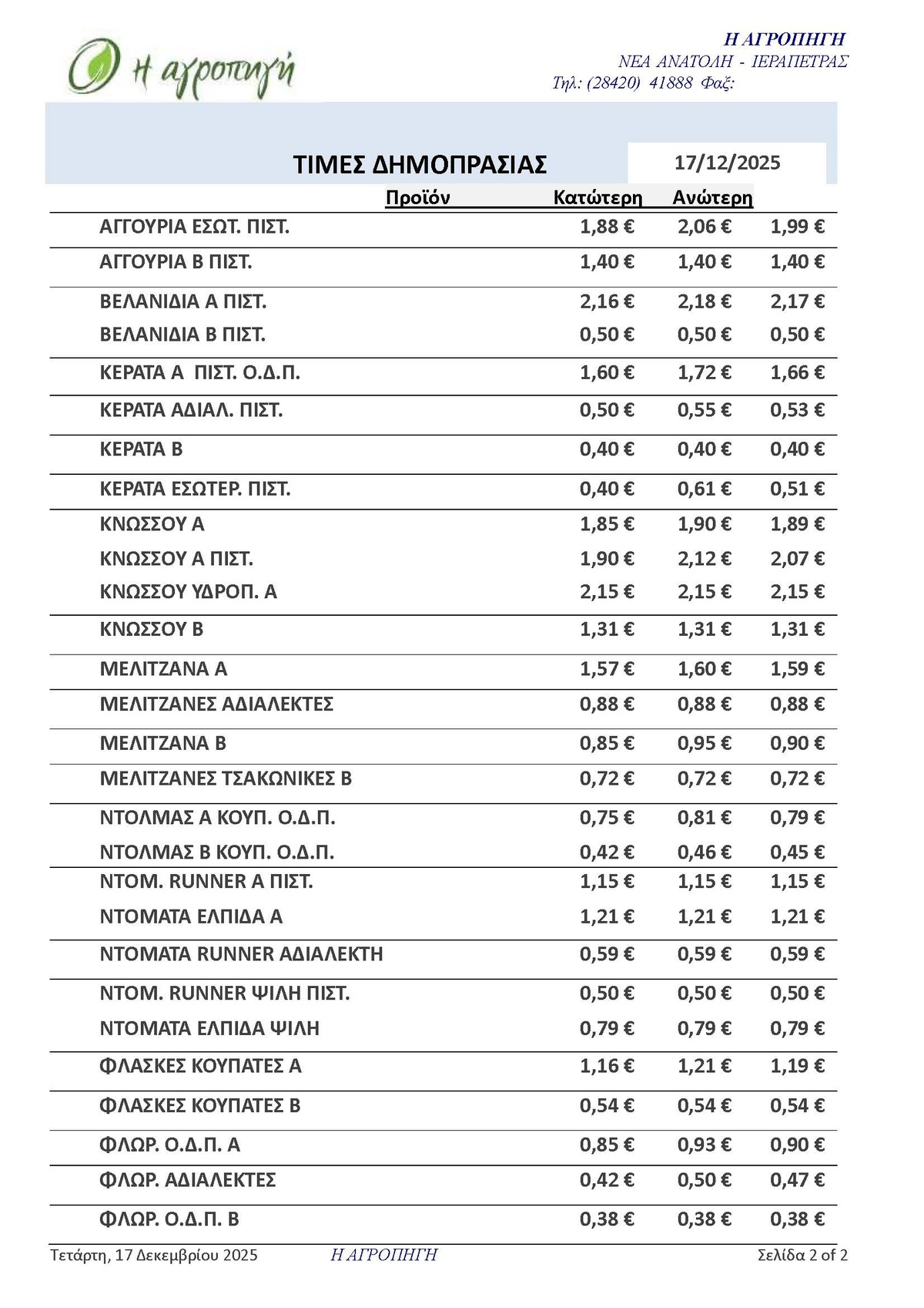 ΤΙΜΕΣ 03:22 μ.μ. - 16/12/2025 GOLDEN FARM |Τιμές Αγροτικών Προϊόντων 16.12.2025 ΙΕΡΑΠΕΤΡΑ, ΤΙΜΕΣ ΑΓΡΟΤΙΚΩΝ ΠΡΟΙΟΝΤΩΝ , ΔΗΜΟΠΡΑΤΗΡΙΟ, ΚΗΠΕΥΤΙΚΑ , GOLDEN FARM Δείτε τις σημερινές τιμές του δημοπρατηρίου
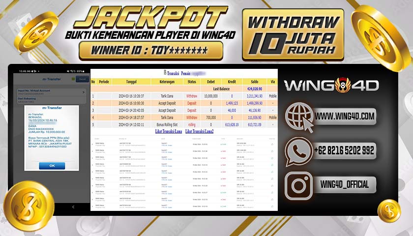 Bukti berikut merupakan salah satu komitmen WING4D untuk melayani seluruh member setia WING4D secara sungguh-sungguh, Dengan membayar Lunas seluruh kemenangan member secara Cepat, Tepat dan Akurat.
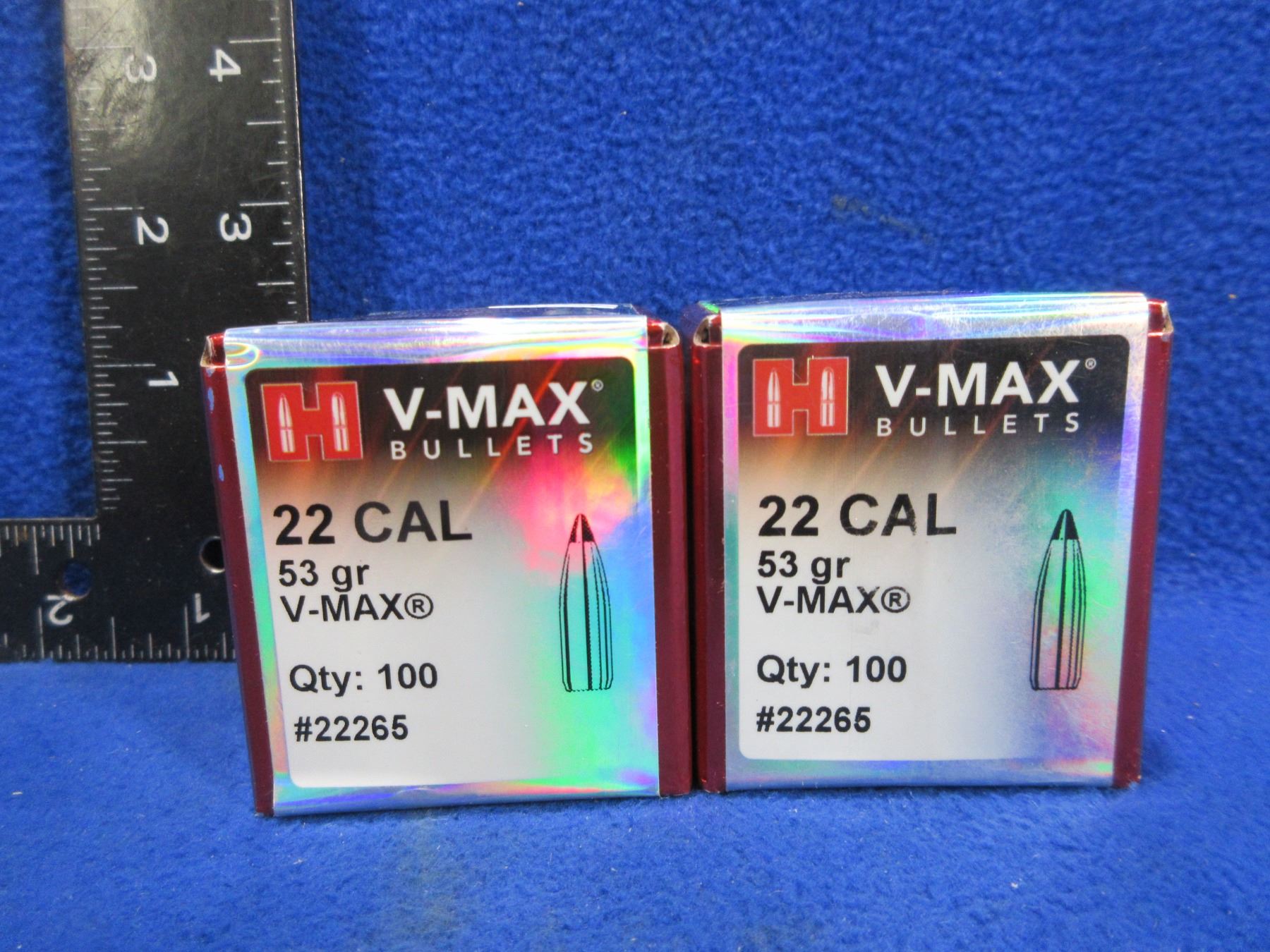 22 Cal. 53gr V-Max Hornady Bullets - 2 Sealed Boxes of 100
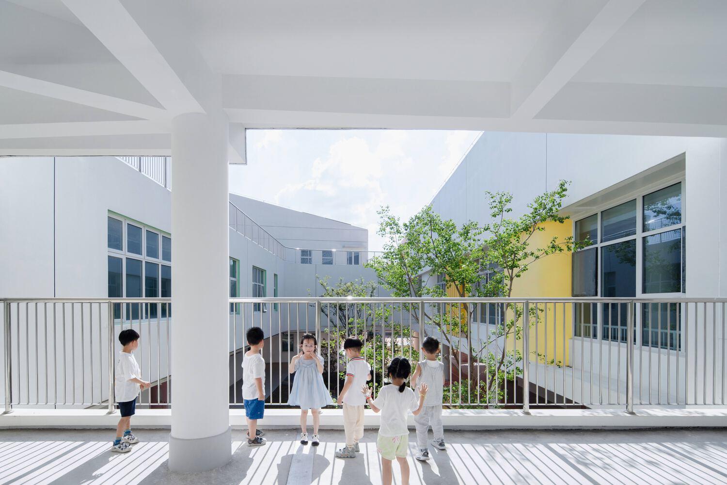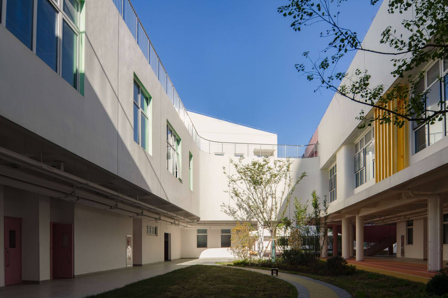 The ground-floor classrooms connect directly to the courtyard, and the corridor space provides a spot for children to gather briefly and shield them from wind and rain. The design features a flexible, spacious multifunctional area, including a two-story high multifunctional room that accommodates various activities. This space is versatile enough for children's artistic and athletic displays, as well as future community gatherings, fostering social interaction and enhancing community cohesion. Throughout the design process, the client engaged relevant department heads, teachers, and community members to discuss and refine the details of the plan. This involvement has increased the future users' sense of ownership and ensured that the design truly meets their needs. To achieve rapid construction and expedite the opening of the kindergarten, each classroom unit has been modularized. The project also incorporates a smart building management system that automatically adjusts lighting, air conditioning, and ventilation to optimize energy use.
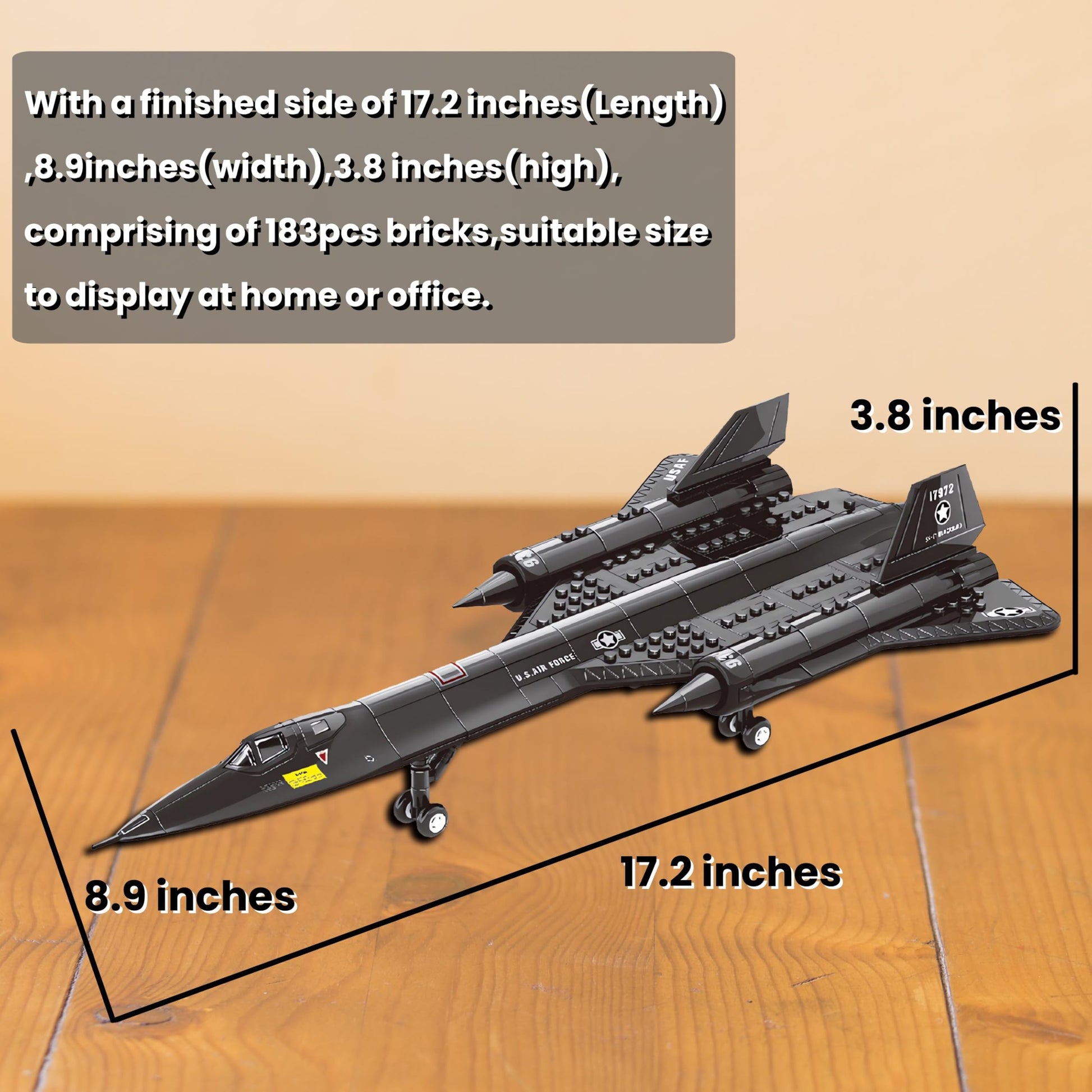- Q: What are the dimensions of the completed Gonli SR-71 aircraft model? A: Once assembled, the Gonli SR-71 model measures 17.2 inches in length, 8.9 inches in width, and 3.8 inches in height, making it a visually impressive exhibit piece.
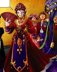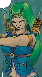 - Shapeshifter: She rapidly changes her hair and attire as a way of non-verbal communication; e.g. black dress and veil upon hearing of another God-Queen's demise, then shifting into that queen's shape (presumably) as a tribute to her achievements and memory.
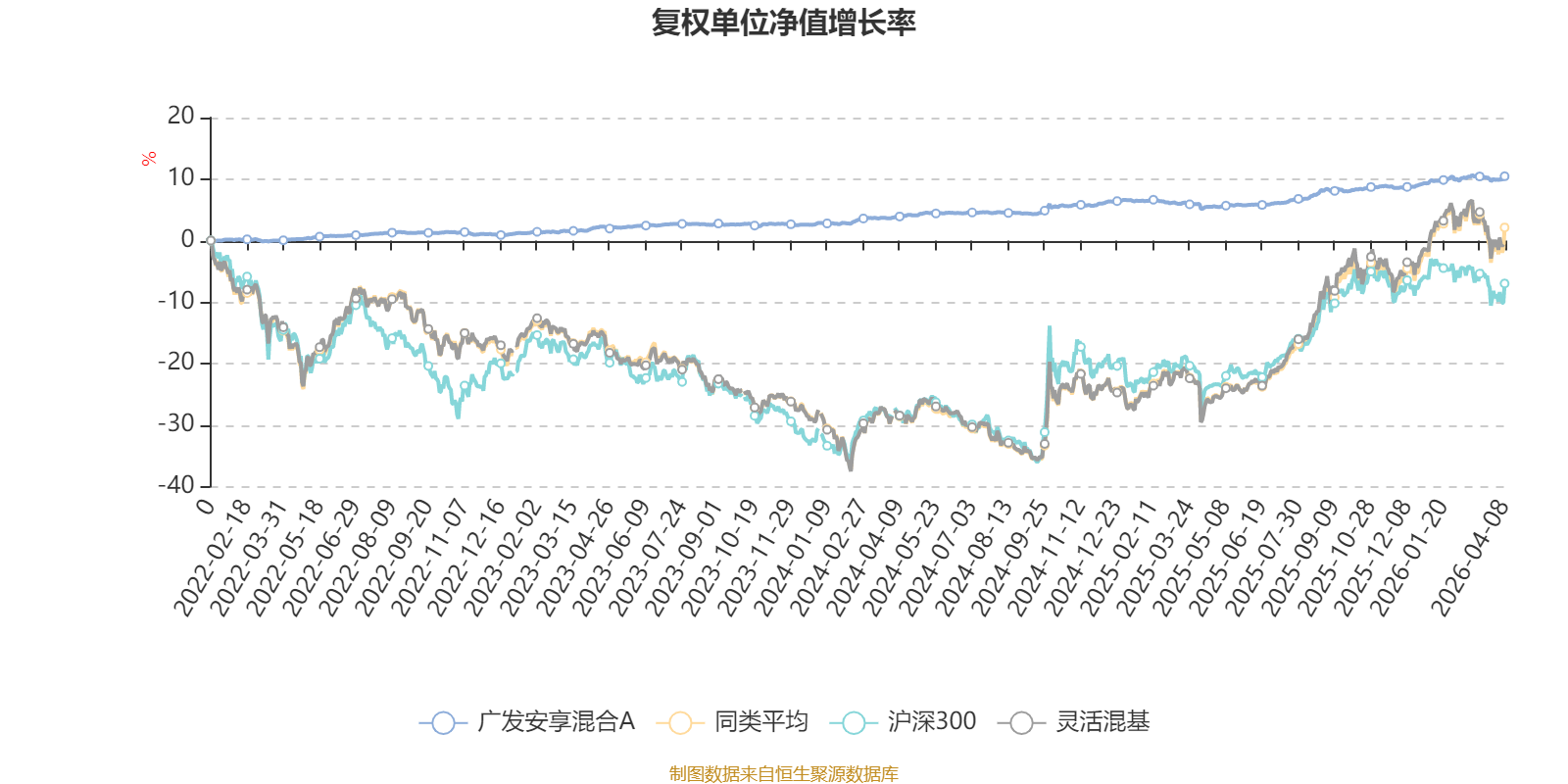 截至4月8日,广发安享混合A近三个月复权单位净值增长率为0.74%,位于同类可比基金556/1287;近半年复权单位净值增长率为2.08%,位于同类可比基金694/1286;近一年复权单位净值增长率为5.04%,位于同类可比基金1182/1286;近三年复权单位净值增长率为8.20%,位于同类可比基金774/1286。
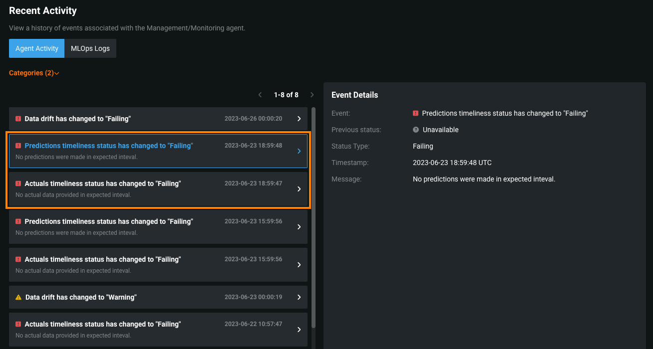 On the Service Health tab, under Recent Activity, view timeliness status events in the Agent Activity log:
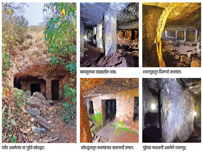 अशी आहे गुहा या गुहेचे अंतगृह वैशिष्ट्यपूर्ण आहे. आत शयनगृह, पाण्याचे कुंड आहे. १२ खांबांचे सभागृह आहे. यातील सहा खांबांची पडझड झाली आहे. प्रत्येक खांब १२ ते १४ फूट उंचीचा व दाेन खांबांत १० फुटांचे अंतर आहे. गुहेपासून २० फुटांवर विहीर आहे, जी आता मुजली आहे.
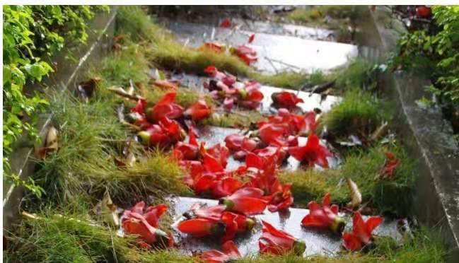 有人贊木棉是英雄樹,是君子花。除其蒼勁昂揚、筆直偉岸的身軀外,大概也因其花開得熱烈,落得也壯烈。花期一過,木棉花絕然落土。樹下落紅無數,但花不褪色、不萎靡,依然保持著在枝頭的形色,不容半點凋零。當代詩人舒婷也為之贊嘆。
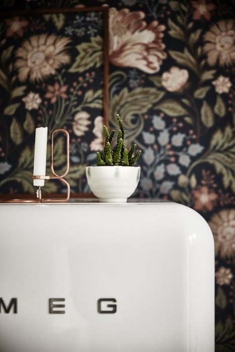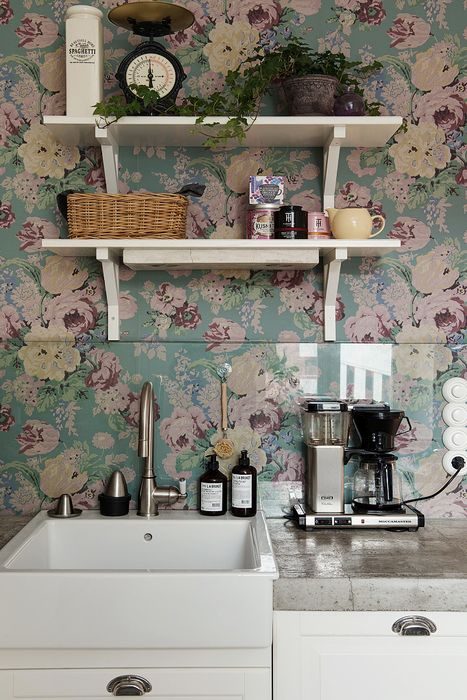 Первая кухня, которая привлекла моё внимание, выполнена весенней атмосферой. Такой эффект получился благодаря тому, что белую цветовую гамму разбавили обоями с нежным флористическим мотивом. Такой тип отделки вообще редко встречаются на кухне, многие предпочитают просто красить стены или выкладывать их плиткой. Но для этой кухни выбрали водостойкие моющиеся обои, которые отлично переносят перепады температур и воздействие влаги.
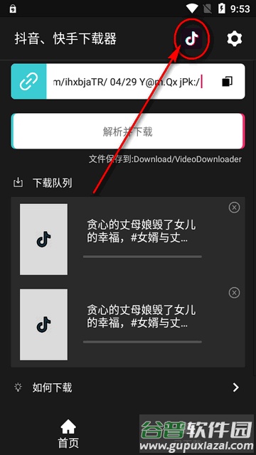 1、打开软件后,点击界面右上角的抖音图标按钮。
■ ■ ■ ■
-- Task to carry out --
Omit the pictures; print the records above exactly.

-- Response to the task --
 ΤΙΜΕΣ 03:22 μ.μ. - 16/12/2025 GOLDEN FARM |Τιμές Αγροτικών Προϊόντων 16.12.2025 ΙΕΡΑΠΕΤΡΑ, ΤΙΜΕΣ ΑΓΡΟΤΙΚΩΝ ΠΡΟΙΟΝΤΩΝ , ΔΗΜΟΠΡΑΤΗΡΙΟ, ΚΗΠΕΥΤΙΚΑ , GOLDEN FARM Δείτε τις σημερινές τιμές του δημοπρατηρίου
 Bukti berikut merupakan salah satu komitmen WING4D untuk melayani seluruh member setia WING4D secara sungguh-sungguh, Dengan membayar Lunas seluruh kemenangan member secara Cepat, Tepat dan Akurat.
 22 Cal. 53gr V-Max Hornady Bullets - 2 Sealed Boxes of 100
 The ground-floor classrooms connect directly to the courtyard, and the corridor space provides a spot for children to gather briefly and shield them from wind and rain. The design features a flexible, spacious multifunctional area, including a two-story high multifunctional room that accommodates various activities. This space is versatile enough for children's artistic and athletic displays, as well as future community gatherings, fostering social interaction and enhancing community cohesion. Throughout the design process, the client engaged relevant department heads, teachers, and community members to discuss and refine the details of the plan. This involvement has increased the future users' sense of ownership and ensured that the design truly meets their needs. To achieve rapid construction and expedite the opening of the kindergarten, each classroom unit has been modularized. The project also incorporates a smart building management system that automatically adjusts lighting, air conditioning, and ventilation to optimize energy use.
- Q: What are the dimensions of the completed Gonli SR-71 aircraft model? A: Once assembled, the Gonli SR-71 model measures 17.2 inches in length, 8.9 inches in width, and 3.8 inches in height, making it a visually impressive exhibit piece.
 - Shapeshifter: She rapidly changes her hair and attire as a way of non-verbal communication; e.g. black dress and veil upon hearing of another God-Queen's demise, then shifting into that queen's shape (presumably) as a tribute to her achievements and memory.
 截至4月8日,广发安享混合A近三个月复权单位净值增长率为0.74%,位于同类可比基金556/1287;近半年复权单位净值增长率为2.08%,位于同类可比基金694/1286;近一年复权单位净值增长率为5.04%,位于同类可比基金1182/1286;近三年复权单位净值增长率为8.20%,位于同类可比基金774/1286。
 On the Service Health tab, under Recent Activity, view timeliness status events in the Agent Activity log:
 अशी आहे गुहा या गुहेचे अंतगृह वैशिष्ट्यपूर्ण आहे. आत शयनगृह, पाण्याचे कुंड आहे. १२ खांबांचे सभागृह आहे. यातील सहा खांबांची पडझड झाली आहे. प्रत्येक खांब १२ ते १४ फूट उंचीचा व दाेन खांबांत १० फुटांचे अंतर आहे. गुहेपासून २० फुटांवर विहीर आहे, जी आता मुजली आहे.
 有人贊木棉是英雄樹,是君子花。除其蒼勁昂揚、筆直偉岸的身軀外,大概也因其花開得熱烈,落得也壯烈。花期一過,木棉花絕然落土。樹下落紅無數,但花不褪色、不萎靡,依然保持著在枝頭的形色,不容半點凋零。當代詩人舒婷也為之贊嘆。
 Первая кухня, которая привлекла моё внимание, выполнена весенней атмосферой. Такой эффект получился благодаря тому, что белую цветовую гамму разбавили обоями с нежным флористическим мотивом. Такой тип отделки вообще редко встречаются на кухне, многие предпочитают просто красить стены или выкладывать их плиткой. Но для этой кухни выбрали водостойкие моющиеся обои, которые отлично переносят перепады температур и воздействие влаги.
 1、打开软件后,点击界面右上角的抖音图标按钮。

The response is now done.